This is the nfq config.

nfq:
  mode: repeat
  repeat-mark: 4096
  repeat-mask: 4096

The traffic is confirmed reaching Suricata based on log output, however Suricata is dropping the second dns query as it never makes it to the application (dnsmasq). It seems Suricata cannot handle multiple open queries on the same socket. Once one query is completed, it handles the second appropriately.

This is the output from dnsmasq with query logging enabled and Suricata running. You can see the delay here as the parallel AAAA query never makes it through.

parallel resolution.  There should be an A and AAAA query here.
Wed Feb 13 15:31:14 2019 daemon.info dnsmasq[2620]: 72 192.168.1.224/40269 query[A] google.com from 192.168.1.224
Wed Feb 13 15:31:14 2019 daemon.info dnsmasq[2620]: 72 192.168.1.224/40269 forwarded google.com to 209.51.175.25

5 seconds later, sequential resolution
Wed Feb 13 15:31:19 2019 daemon.info dnsmasq[2620]: 104 192.168.1.224/40269 query[A] google.com from 192.168.1.224
Wed Feb 13 15:31:19 2019 daemon.info dnsmasq[2620]: 104 192.168.1.224/40269 forwarded google.com to 209.51.175.25
Wed Feb 13 15:31:19 2019 daemon.info dnsmasq[2620]: 105 192.168.1.224/40269 query[AAAA] google.com from 192.168.1.224
Wed Feb 13 15:31:19 2019 daemon.info dnsmasq[2620]: 105 192.168.1.224/40269 forwarded google.com to 209.51.175.25
Wed Feb 13 15:31:19 2019 daemon.info dnsmasq[2620]: 104 192.168.1.224/40269 reply google.com is 172.217.9.174
Wed Feb 13 15:31:19 2019 daemon.info dnsmasq[2620]: 105 192.168.1.224/40269 reply google.com is 2607:f8b0:4002:c08::71

Simply stopping Suricata fixes this, and you can see the difference. The parallel AAAA query arrives as expected

Wed Feb 13 15:35:17 2019 daemon.info dnsmasq[2829]: 15 192.168.1.224/38629 query[A] google.com from 192.168.1.224
Wed Feb 13 15:35:17 2019 daemon.info dnsmasq[2829]: 15 192.168.1.224/38629 forwarded google.com to 209.51.175.25
Wed Feb 13 15:35:17 2019 daemon.info dnsmasq[2829]: 16 192.168.1.224/38629 query[AAAA] google.com from 192.168.1.224
Wed Feb 13 15:35:17 2019 daemon.info dnsmasq[2829]: 16 192.168.1.224/38629 forwarded google.com to 209.51.175.25
Wed Feb 13 15:35:17 2019 daemon.info dnsmasq[2829]: 15 192.168.1.224/38629 reply google.com is 172.217.12.206
Wed Feb 13 15:35:17 2019 daemon.info dnsmasq[2829]: 16 192.168.1.224/38629 reply google.com is 2607:f8b0:4002:c08::71

Actions #5

Updated by Eric Leblond almost 6 years ago

Is it possible to get a dump of the ruleset ? I'm wondering if you could have a CONNMARK rule somewhere that could mess thing up with the second packet.

Actions #6

Updated by Rob Mosher almost 6 years ago

Eric Leblond wrote:

Is it possible to get a dump of the ruleset ? I'm wondering if you could have a CONNMARK rule somewhere that could mess thing up with the second packet.
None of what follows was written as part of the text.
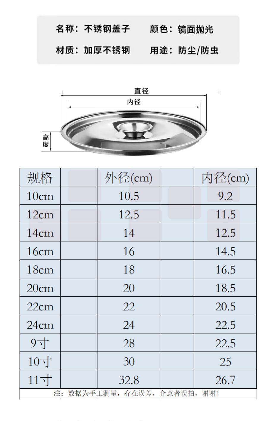 不锈钢圆形盖子 盆盖 30cm盖子 适配直径30cm不锈钢盆使用 货号:TXH

I commented out all the rule files except for one, which contains a single entry. The issue persists. Have you tried to reproduce? Should be fairly easy.
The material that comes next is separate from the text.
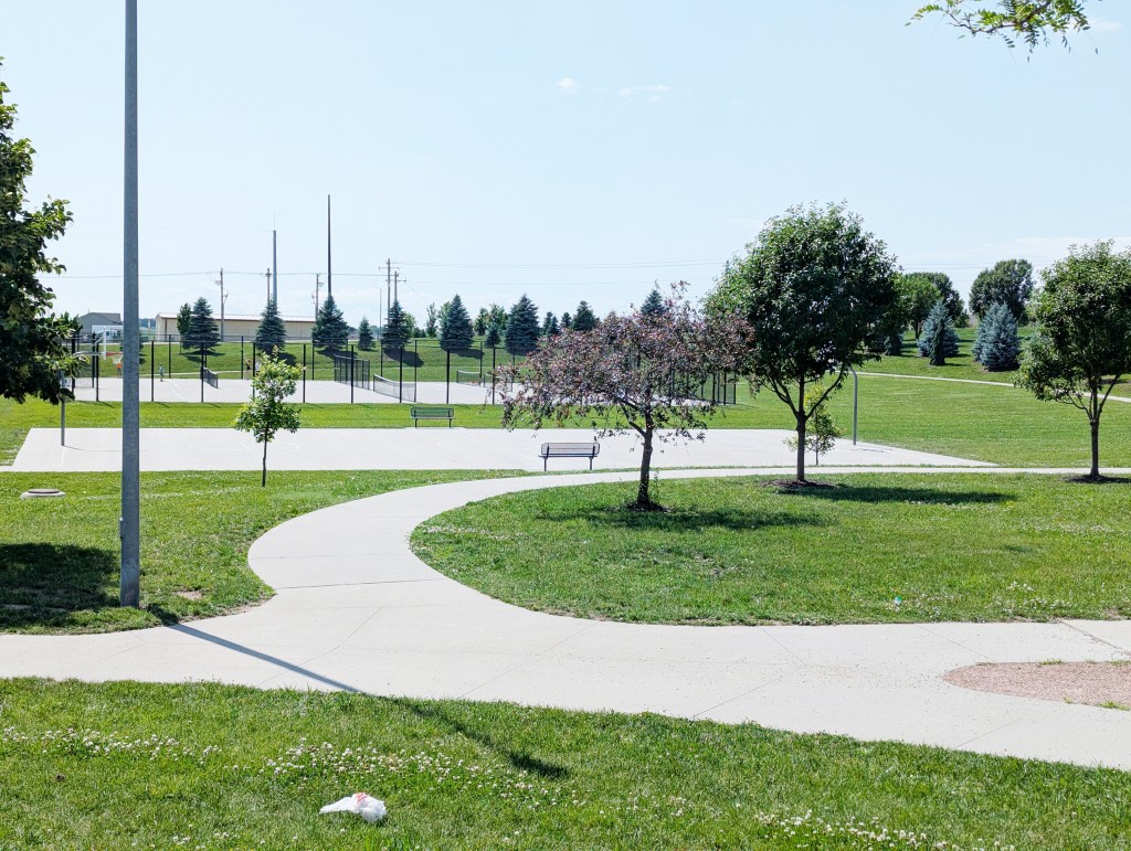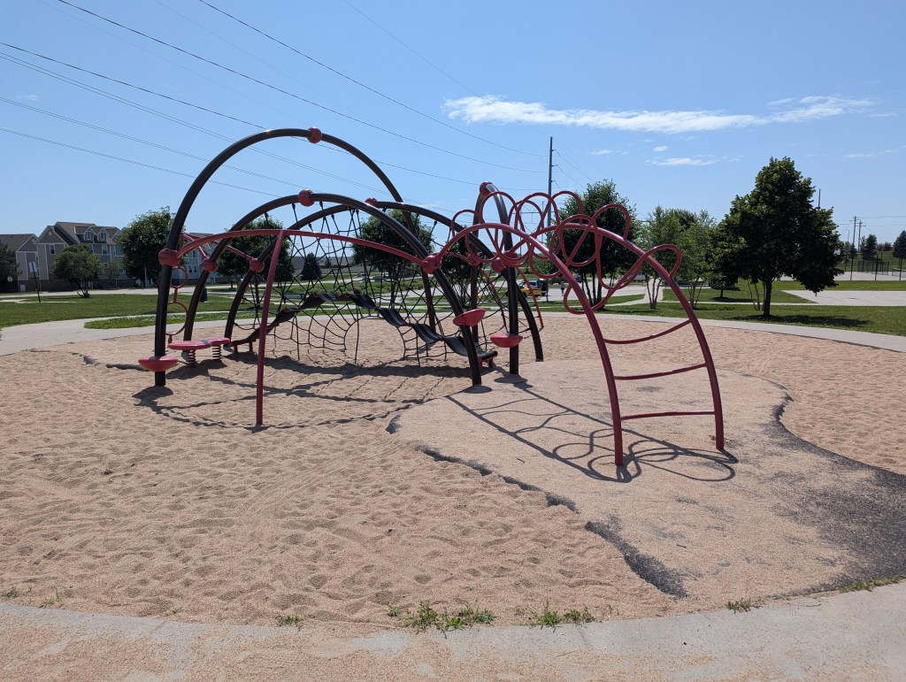 The park boasts two playgrounds tailored to different age groups. The larger playground features both a classic play structure and a modern rope climbing structure that challenges older kids to test their agility and strength. Nearby, a smaller toddler-friendly playground ensures younger children can play safely. Other features of the playgrounds are low monkey bars, a digger, ride-on toys and a seesaw. Swings add to the fun, inviting kids to soar under the Nebraska sky.

(DEBIAN)root@rooter:/etc/suricata# suricata -c suricata-rooter.yaml --dump-config | grep rule-files
rule-files = (null)
rule-files.0 = iprep.rules

(DEBIAN)root@rooter:/etc/suricata# cat rules/iprep.rules

# ----- Begin iprep Rules Category ----- #

# -- Begin GID:0 Based Rules -- #

alert ip any any -> any any (msg:"IPREP Blacklist Match"; metadata:policy balanced-ips alert; iprep:dst,Bad,=,99; classtype:bad-unknown; sid:99; rev:1;)
Actions #7

Updated by Victor Julien almost 6 years ago

  • Related to Bug #2435: Suricata 4.0.3 in IPS mode seems to discard some DNS requests added
Actions #8

Updated by Victor Julien almost 6 years ago

I think Eric was referring to the iptables rules.

Can you still reproduce this if Suricata+nfq is in accept mode instead of repeat mode?

Actions #9

Updated by Rob Mosher almost 6 years ago

Victor Julien wrote:

I think Eric was referring to the iptables rules.

Can you still reproduce this if Suricata+nfq is in accept mode instead of repeat mode?

Same behavior in accept mode

Actions #10

Updated by Victor Julien over 5 years ago

I'm unable to reproduce this. I've tried it on a local box (INPUT/OUTPUT NFQUEUE rules) and on a forwarding box (FORWARD NFQUEUE rules). Tried, ping, dig, dnsmasq, but not a packet was dropped. I'm not sure how to analyze this further.

Actions #11

Updated by Rob Mosher over 5 years ago

Victor Julien wrote:

I'm unable to reproduce this. I've tried it on a local box (INPUT/OUTPUT NFQUEUE rules) and on a forwarding box (FORWARD NFQUEUE rules). Tried, ping, dig, dnsmasq, but not a packet was dropped. I'm not sure how to analyze this further.

Are you sure you're sending parallel queries using the same src port? I confirm this is affected by both forward and input rule sets.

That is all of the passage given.